You’ve been waiting all day for this steak dinner. You pull it out of the pan at a perfect 135F and you’re ready to dig in!
Don’t do it! It needs to rest.
I used to think this was optional, but if you want the most from your beef, just wait 10-15 minutes.
The rest time allows the meat to finish cooking and helps to retain the moisture. If you cut it right out of the pan the juices will literally run out resulting in dry meat. Moisture = Tenderness
I use the rest time to saute veggies, usually onions and mushrooms, in the same pan so they are cooked and covered in all that buttery beefy fatty goodness. Spinach, kale, and squash are also good.
Cooking ground beef is different from whole cuts like steaks or roasts.
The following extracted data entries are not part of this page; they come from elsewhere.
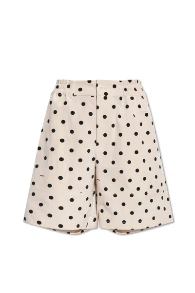 Introducing the Polka Dot Patterned Shorts by Jacquemus, an exquisite blend of elegance and casual sophistication. These beige shorts, adorned with a striking black polka dot motif, exude a sense of playful refinement. Tailored to a relaxed fit, they gracefully extend to mid-thigh, offering both style and comfort. Crafted from the finest 100% cotton, these shorts boast a lightweight and breathable fabric, ideal for sunlit escapades. The elastic waistband ensures a comfortable fit, while the addition of poc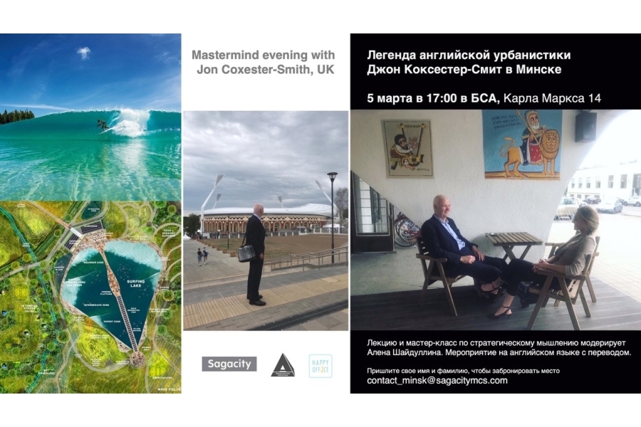 Лекция и мастер-класс по стратегическому мышлению от английского урбаниста Джона Коксестер-Смит и Алены Шайдуллиной в Белорусском Союзе Архитекторов 5 марта 2020г. в 17.00 (г. Минск, ул.К.Маркса, 14, конференц-зал, 2 этаж).
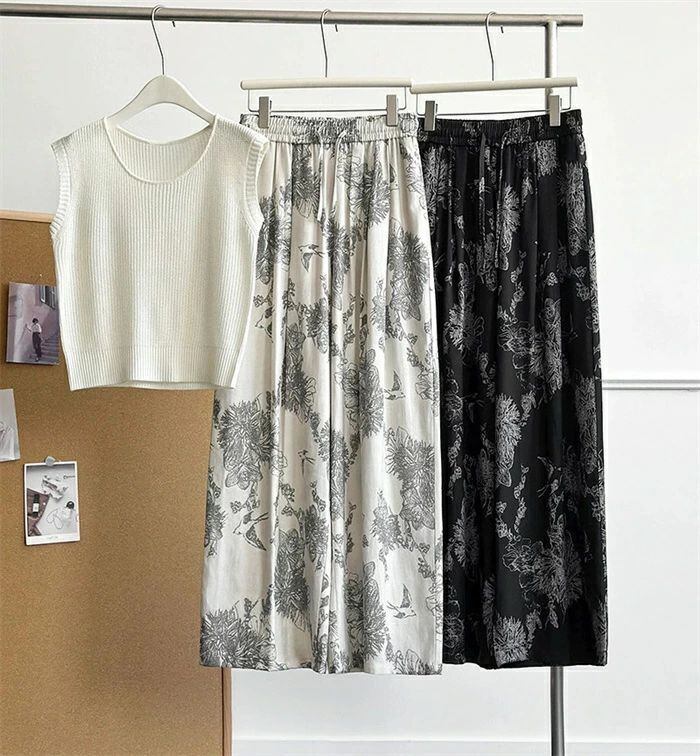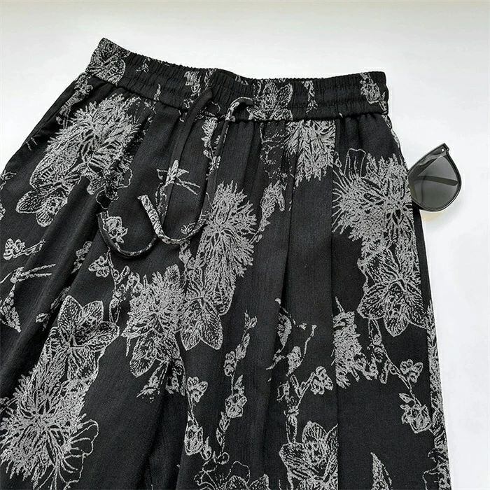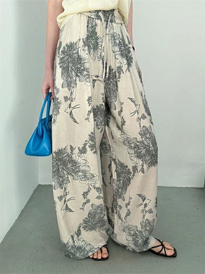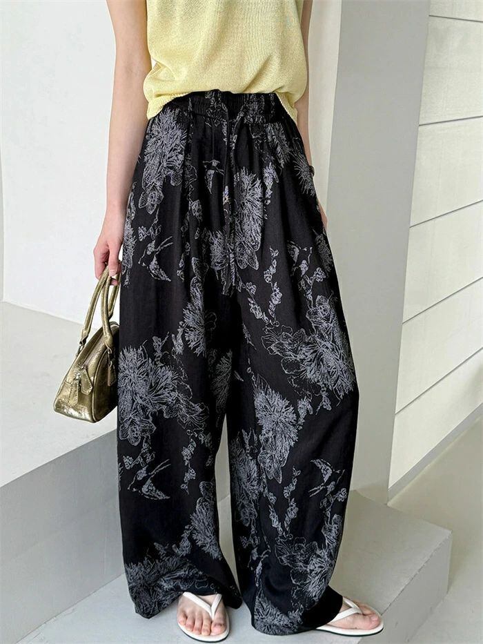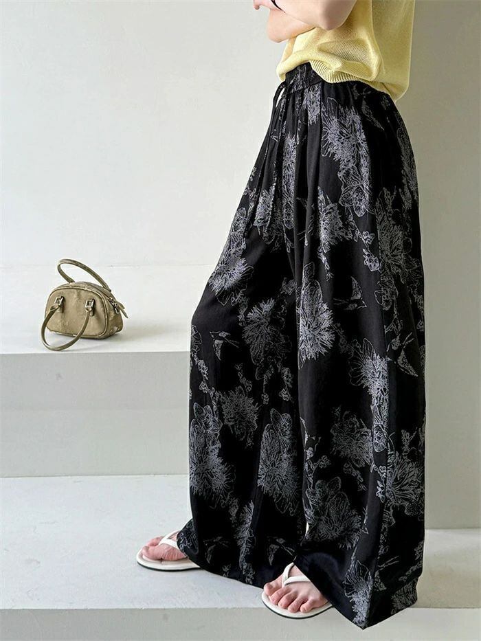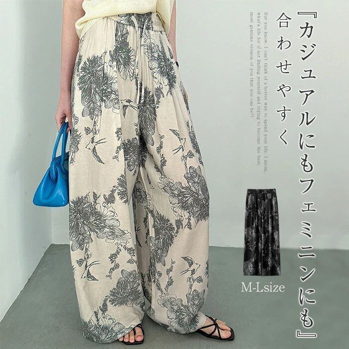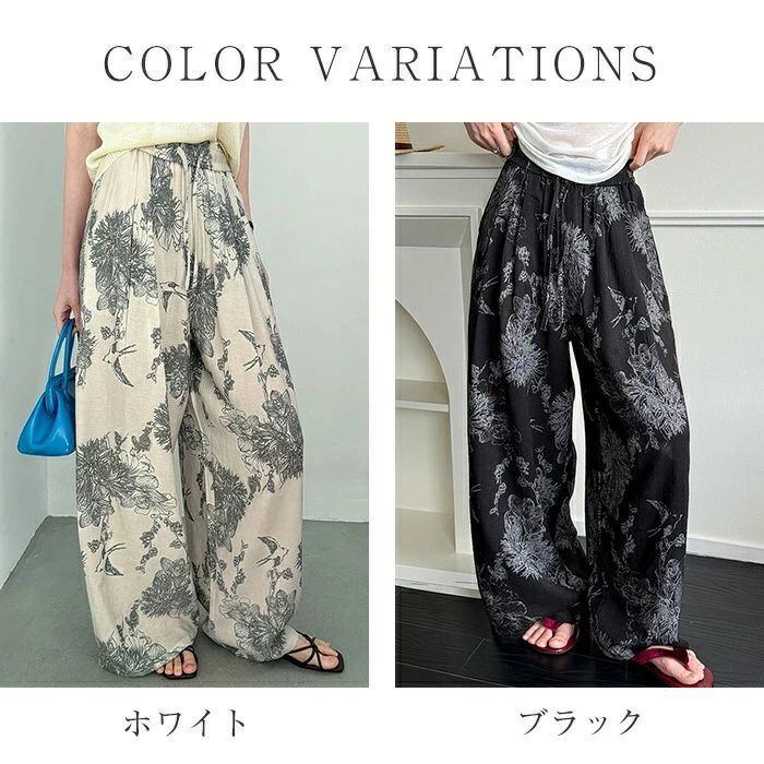 即納 ワイドパンツ レディース ガウチョパンツ ガウチョ リラックス パンツ ボトムス イージーパンツ パンツ 花柄 ワ総柄 アート ワイド ロ

Because it’s ground and has more surface area, i.e more places for possible contamination, it needs to be cooked to 160F.
When you are browning meat for tacos or spaghetti, cooking until you see no pink bits is usually the standard of doneness. Cooking meatloaf, meatballs, or burgers, you want to check the temp and make sure it’s up to 160F.
It doesn’t need the pre-rest, but I usually stick a butter knife through the middle to make sure it is fully defrosted. And it doesn’t need the post-cooking rest time either.
So now you know how to prep, cook, and rest grass-fed/finished beef for the perfect dinner your family will love!